However, part-time work is difficult in this work context, and especially for strategy consultants: I think it is difficult within our profession, because the client actually always assumes that you work on Fridays, so he also schedules meetings or calls or whatever then. You have to stand strong then to say ‘No, I can’t work then, because I have a day off’. (SC6)
Two management consultants in our sample do report a contract of 4 days a week. Still, both work 40 hours a week or more – almost as much as their full-time colleagues. Part-time work thus illustrates the tension between seeing work-life balance as a priority and being able to act on it, as consultants criticised earlier.
The second set of compensation practices are fringe benefits and forms of non-monetary compensation like social events and extra support staff. The last two are mentioned most by strategy consultants, and their fringe benefits are also more abundant. Basic fringe benefits include lease cars, laptops, mobile phones, healthy vending machines, fitness subscriptions, and sports facilities at work, practices rather common in the corporate world. The high intensity of social events at work is more specific to consultancies. As consultants often work at their client’s office, they do not see their colleagues on a regular basis. Social events at work and company outings such as skiing trips stimulate bonding (see the quote from SC3 in Table 5). Management consultants report the same: ‘Many social activities are being organised, . . . through which you build good relationships with your colleagues. . . . We went on a skiing trip; we often have drinks, parties’ (MC8). This approach integrates life elements into the work sphere. By making the hours spent at work more fulfilling, consultancies try to decrease the perception of work-life conflict. This seems to work for consultants: ‘I would rather count a weekend skiing trip with work more as life than as work. Those are things you get in return’ (SC3).

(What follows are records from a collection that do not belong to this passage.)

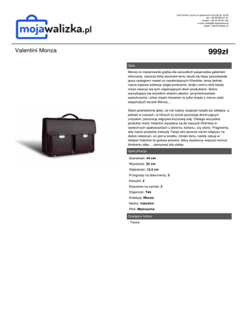 Call Center czynny w godzinach od 8:00 do 16:00 tel. +48 58 668 01 31 mobile: +48 50 50 50 164 e-mail: [email protected] skype: valentinisklep_pl 999zł Valentini Monza Opis Monza to niesamowita gratka dla wszystkich pasjonatów galanterii skórzanej. Jeszcze kilka sezonów temu teczki tej klasy pozostawały poza zasięgiem nawet co zasobniejszych Klientów, teraz jednak nasza topowa kolekcja uległa przecenie, dzięki czemu dziś każdy może cieszyć się tymi zapierającymi dech produktami. Skóra wymykająca się wszelkim skalom jakości, arcymistrzowskie wykończenie i silnie męski charakter to tylko kropla z morza zalet wspaniałych teczek Monza… Stare powiedzenie głosi, że nie należy osądzać książki po okładce, a jednak w czasach, w których to wzrok pozostaje dominującym zmysłem, prezencja odgrywa kluczową rolę. Dlatego wszystkie produkty marki Valentini wysyłane są do naszych Klientów w wytwornych opakowaniach z drewna, kartonu, czy skóry. Pragniemy, aby nasze produkty cieszyły Twoje oko jeszcze zanim zdążysz na dobre zobaczyć, co jest w środku. Dzięki temu, każdy zakup w sklepie Valentini to gotowy prezent, który wystarczy wręczyć komuś bliskiemu albo… zatrzymać dla siebie. Specyfikacja Szerokość: 44 cm Wysokość: 32 cm Głębokość: 13,5 cm Przegrody na dokumenty: 3 Kieszeń: 2 Kieszenie na zamek: 2 Organizer: Tak Kolekcja: Monza Marka: Valentini Płeć: Mężczyzna Dostępne kolory - Tmoro Powered by TCPDF (www.tcpdf.org)
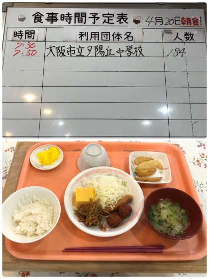 2年前一泊移住は朝食の時間です。1、3、4組から食べます。
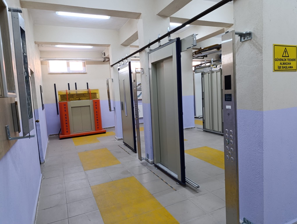 OKULUMUZ 2008 YILINDA EĞİTİM VE ÖĞRETİME BAŞLAMIŞTIR. Asansörler, belirli seviyelerde hizmet veren , esnek olmayan ve yatay düzlemle 15º den fazla bir açı oluşturan raylar boyunca hareket eden bir kabine sahip olan ve insanların ve yüklerin taşınmasına yarayan elektro-mekanik bir sistemdir. Asansörler 100 yıldan daha uzun bir zaman diliminde insanlara yüksek katlı binalarda hizmet vermektedir. Asansörlerin yanı sıra yürüyen merdivenler konusunda eğitim verilmektedir. Asansörlerle görevi yerine getirmesine rağmen yürüyen merdivenler daha basit bir mekanizmaya sahiptir. Yürüyen merdivenler sürekli çalışan sistemi ile yolcuların katlar arasında taşınmasını sağlar. Yürüyen merdivenler zincir mekanizmasına bağlı hareketli basamaklarla yolcuları taşıdığı gibi ikinci bir dişli sistemi ile el bandını senkron olarak hareket ettirir. .

Additionally, many of the surveyed strategy consultants report that they have extensive support staff (i.e. for research questions, IT issues, PowerPoint) to which certain work-related tasks can be outsourced: ‘There is a certain department within our [SC] firm that helps to find information. And that really helps to make sure you do not have to do it yourself and thus have to spend less time on it’ (SC1). Strategy firms even encourage consultants to outsource some domestic activities – such as cleaning, washing and cooking – so that consultants can spend more time on their work, without losing their quality time at home (i.e. only losing the home tasks they might not enjoy). One interviewee who has been employed at a strategy consulting firm for 1 year and previously worked for a management consulting firm for 2 years illustrates how she appreciates the more generous compensation practices at strategy houses: I have the feeling here that you have to do a lot for it, but you really are in a position in which you are being supported in all kinds of ways. . . . At [a Big 4 consulting firm], you had to work many more hours than an average person in the corporate world, but if you, so to speak, wanted to hand in a receipt declaration for something, ten questions were asked about it. (SC11)

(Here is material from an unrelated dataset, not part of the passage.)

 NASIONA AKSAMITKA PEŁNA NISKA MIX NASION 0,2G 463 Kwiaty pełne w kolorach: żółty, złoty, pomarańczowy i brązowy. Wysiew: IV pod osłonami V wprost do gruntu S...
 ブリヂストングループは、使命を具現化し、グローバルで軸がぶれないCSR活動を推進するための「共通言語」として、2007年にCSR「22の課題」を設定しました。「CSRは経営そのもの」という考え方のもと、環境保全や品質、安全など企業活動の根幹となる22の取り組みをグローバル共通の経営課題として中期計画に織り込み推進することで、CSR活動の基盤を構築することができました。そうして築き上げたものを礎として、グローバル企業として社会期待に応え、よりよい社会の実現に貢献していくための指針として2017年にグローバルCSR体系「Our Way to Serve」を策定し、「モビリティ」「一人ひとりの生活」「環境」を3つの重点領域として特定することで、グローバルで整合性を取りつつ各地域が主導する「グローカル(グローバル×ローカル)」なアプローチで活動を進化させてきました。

Strategy consultants also express how they appreciate that they can book luxurious hotels, eat at high-quality restaurants, and make unlimited phone calls. Overall, strategy and management consultants share an appreciation for most of the work-life balance policies and practices offered to them, and especially those tailored to their situation.
Discussion
Main results and theoretical contributions
We aimed to explore how young professionals perceive their work-life balance and the available work-life balance policies in an extreme work context. Our comparative analysis of work-life balance perceptions indicates that strategy consultants’ higher performance expectations and longer working hours result in more negative appraisals of work-life balance in line with common assumptions (Reindl, 2013). However, overall, positive appraisals still dominate, which is surprising. As Figure 2 summarises, several context-specific work-life balance policies and practices moderate the perception of work-life balance, and occupational ideologies also appear influential.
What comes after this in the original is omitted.